NASA to set final STS-120 launch date
CAPE CANAVERAL, Fla., Oct. 15 (UPI) -- A final decision is expected this week regarding the launch date for space shuttle Discovery's next mission to the International Space Station.
National Aeronautics and Space Administration managers are to meet Tuesday at the Kennedy Space Center in Florida to conduct a final readiness review for the upcoming flight. The STS-120 mission is targeted for launch Oct. 23.
Shuttle program mangers met for two days last week and among topics discussed were the reinforced carbon-carbon coating on panels positioned at the leading edge of Discovery's wing. There have been indications the edges of a couple of panels have lost small amounts of their upper-level coating.
NASA's Engineering and Safety Center has recommended replacing three of Discovery's 44 panels -- a move that would require postponing the launch. Critics of that decision, however, note the shuttle has flown at least twice with the panels in the current condition, and with no indications of degradation.
A final decision on that matter and a firm launch date are expected to be determined during Tuesday's meeting.
Schizophrenics gain by practice, not meds
MANHASSET, N.Y., Oct. 15 (UPI) -- A U.S. study suggested cognitive gains in schizophrenic patients treated with newer antipsychotic medications are due to practice effects, not the drugs.
Second-generation antipsychotic medicines were designed to improve the speed, clarity, and rationality of thought among people with schizophrenia and other psychotic illnesses.
But psychiatric researchers at the Zucker Hillside Hospital and the Feinstein Institute for Medical Research studied the cognitive performance of 104 people newly diagnosed with schizophrenia who were taking second-generation medicines.
The medical scientists tracked those patients and 84 healthy, age-matched controls on 18 measures of thinking by asking them to take a series of cognitive tests three times during a four-month period. At the end of that time, the researchers found both the patients and the healthy controls showed the same cognitive gains.

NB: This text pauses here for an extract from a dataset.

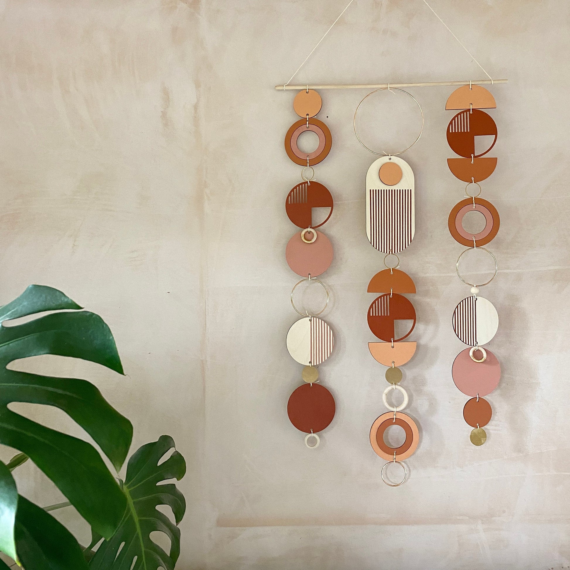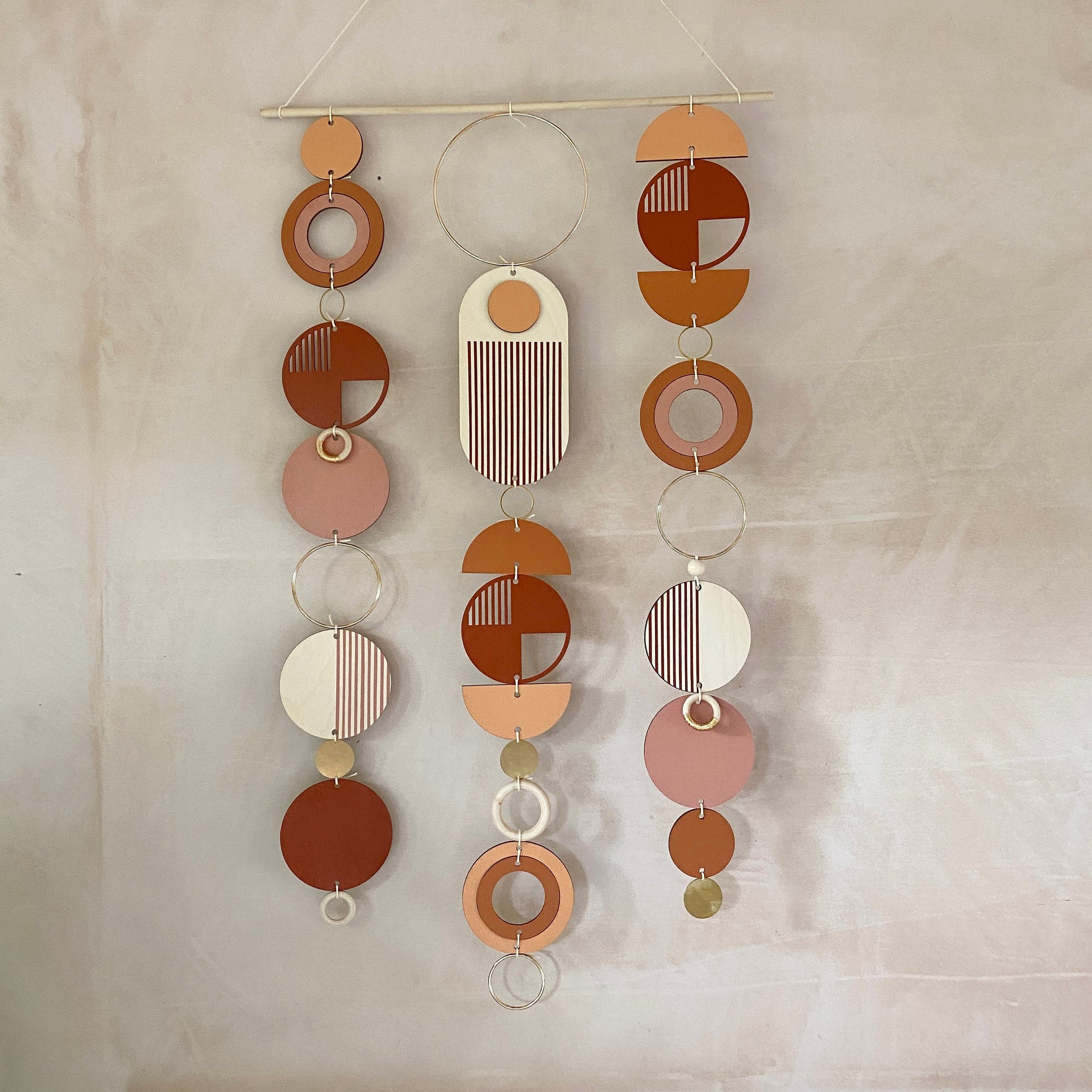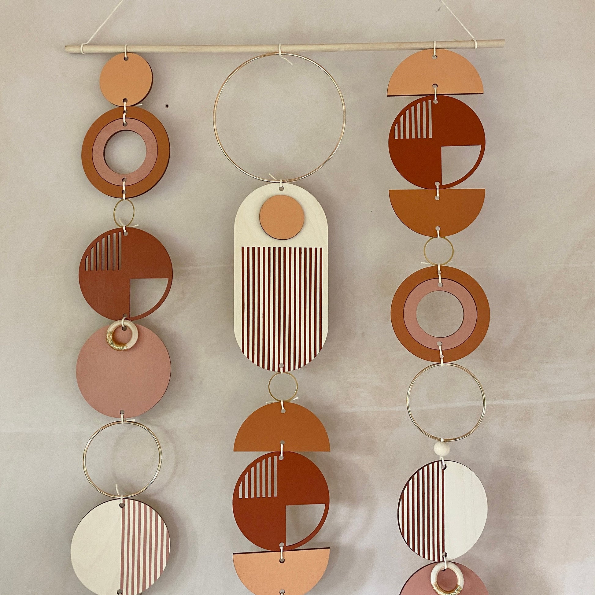 Lovingly handmade modern wall art. This Piece is made from plywood, paint, metal, waxed cord and wooden beads. The colours used are warm and rich tones with gold detail. This lovely wall hanging would make a beautiful addition to any room to create a modern mid-century feel. Made from sustainable Birch plywood, hand painted and constructed in Milton Keynes, England.

The study’s lead author, Terry Goldberg, said: "It is a sobering finding (since) the field has just accepted that these medicines enhance cognition. But it may be that (patients are just) getting better at doing the same test over time.
"If it's just a practice effect, it is a big problem," he added.
The study appears in the Archives of General Psychiatry.
Study: 'Electromagnetic wormhole' possible
ROCHESTER, N.Y., Oct. 15 (UPI) -- U.S.-led physicists have shown the same mathematics that can create an "invisibility cloak" can also be used to generate an "electromagnetic wormhole."
University of Rochester Professor Allan Greenleaf and colleagues used a variation of their findings on cloaking to suggest the possibility of building a sort of invisible tunnel between two points in space.
"Imagine wrapping Harry Potter's invisibility cloak around a tube," said Greenleaf. "If the material is designed according to our specifications, you could pass an object into one end, watch it disappear as it traveled the length of the tunnel and then see it reappear out the other end."
Current technology can create objects invisible only to microwave radiation but the mathematical theory allows for the wormhole effect for electromagnetic waves of all frequencies.
The research by Greenleaf and Professors Matti Lassas of Helsinki University, Yaroslav Kurylev of University College London; and Gunther Uhlmann of the University of Washington appears in the journal Physical Review Letters.
Animal food allergens are 'unmasked'
LONDON, Oct. 15 (UPI) -- British and Viennese scientists have found the relatedness of an animal food protein to a human protein determines whether it can cause an allergy.
In theory, all proteins have the potential to become allergens. But scientists from Britain's Institute of Food Research and the Medical University of Vienna found the ability of animal food proteins to act as allergens depends on their evolutionary distance from a human equivalent.
"This explains why people who are allergic to cow's milk can often tolerate mare's milk but not goat's milk", said Clare Mills of the Institute of Food Research. "Proteins in horse milk are up to 66 percent identical to human milk proteins, while known allergens from cows and goats are all less than 53 percent identical to corresponding human proteins.
"Overall we found that only an animal food protein that is less than 54 percent identical to a human equivalent could become allergenic".
The study is to be published Tuesday in the online issue of the Journal of Allergy and Clinical Immunology.